[PROBLEM TO WORK ON] From the data that follows, set down exactly the lines from the one with "大家好,关于成人大专有哪些证" through the one with "培育一批以領(lǐng)軍人", counting both. Pictures stay out.

[THE RECORDS]
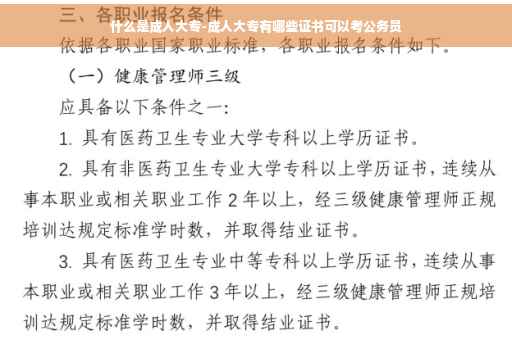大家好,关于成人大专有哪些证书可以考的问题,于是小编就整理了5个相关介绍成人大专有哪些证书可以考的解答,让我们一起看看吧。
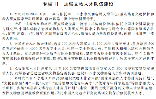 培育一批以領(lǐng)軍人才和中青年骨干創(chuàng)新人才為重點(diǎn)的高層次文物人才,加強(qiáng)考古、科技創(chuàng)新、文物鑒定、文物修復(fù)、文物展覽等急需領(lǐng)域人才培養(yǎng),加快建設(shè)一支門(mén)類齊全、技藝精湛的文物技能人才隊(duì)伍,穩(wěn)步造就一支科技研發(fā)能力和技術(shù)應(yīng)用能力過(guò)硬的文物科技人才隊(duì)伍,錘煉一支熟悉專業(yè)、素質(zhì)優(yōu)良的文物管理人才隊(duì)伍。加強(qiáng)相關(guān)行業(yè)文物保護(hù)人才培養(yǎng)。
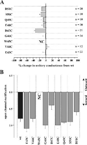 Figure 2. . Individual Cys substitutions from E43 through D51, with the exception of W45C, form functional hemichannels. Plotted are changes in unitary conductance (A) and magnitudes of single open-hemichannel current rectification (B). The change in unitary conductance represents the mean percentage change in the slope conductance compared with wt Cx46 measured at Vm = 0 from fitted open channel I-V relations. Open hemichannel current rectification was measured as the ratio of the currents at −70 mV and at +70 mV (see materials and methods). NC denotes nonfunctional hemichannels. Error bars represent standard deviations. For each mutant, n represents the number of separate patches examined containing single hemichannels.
* * *
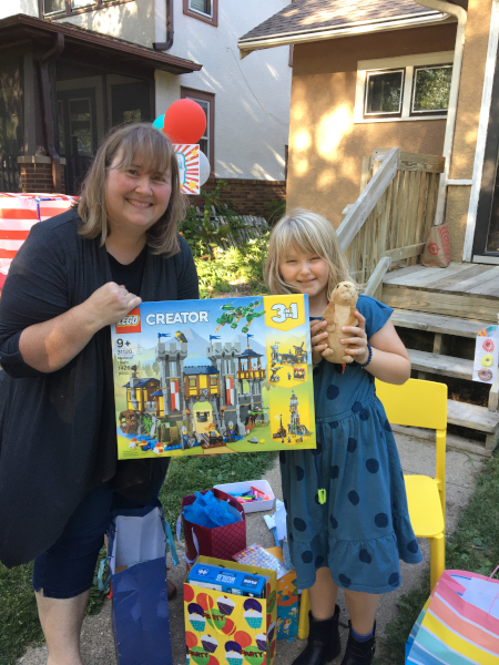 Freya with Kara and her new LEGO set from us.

[ANSWER FOR THIS EXERCISE]
大家好,关于成人大专有哪些证书可以考的问题,于是小编就整理了5个相关介绍成人大专有哪些证书可以考的解答,让我们一起看看吧。
 培育一批以領(lǐng)軍人才和中青年骨干創(chuàng)新人才為重點(diǎn)的高層次文物人才,加強(qiáng)考古、科技創(chuàng)新、文物鑒定、文物修復(fù)、文物展覽等急需領(lǐng)域人才培養(yǎng),加快建設(shè)一支門(mén)類齊全、技藝精湛的文物技能人才隊(duì)伍,穩(wěn)步造就一支科技研發(fā)能力和技術(shù)應(yīng)用能力過(guò)硬的文物科技人才隊(duì)伍,錘煉一支熟悉專業(yè)、素質(zhì)優(yōu)良的文物管理人才隊(duì)伍。加強(qiáng)相關(guān)行業(yè)文物保護(hù)人才培養(yǎng)。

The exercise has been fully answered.